Quick view: Exactly as the name implies…give your customers a quick view of the products they are seeking. A hover with the mouse over a desired product and a quick mini window automatically presents your customers with detailed product info. No more schlepping to a separate product page, no more waiting… just straight to checkout.

AutoComplete: Complete your customers’ queries so they don’t have to!

Search as you type. Instant Site-Search. Instant Shopping!

Site-search AutoComplete - click to zoom

Shoppers just start typing in the search box and a pop up list of frequent queries and suggested products from the store product catalogue appears. Great eye candy!

Placement: It matters! Trust us. Eyes wander and react in different ways to different stimuli. When discussing ecommerce, the question becomes to where do eyes wander on a screen and to what degree can they be stimulated?

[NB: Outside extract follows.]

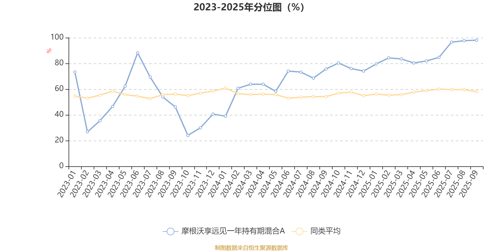 通过所选区间该基金净值增长率分位图,可以观察该基金与同类基金业绩比较情况。图为坐标原点到区间内某时点的净值增长率在同类基金中的分位数。

Thanks to a recent German usability blog posting, we learn that a recommendation tool, such as Cross-Sell, is most effectively located on the right hand side of the product page, enabling optimum eye stimulation (and eventually, human purchasing potential).

These are just to name a few. As a retailer, do you want to be responsible for the disappointment of some mother who spent hours without success trying to navigate herself around your site to find a driving hamster for her 6 year old son for Christmas? Of course not. So evaluate your UI and see what design improvements can be made and/or optimization tools can be added.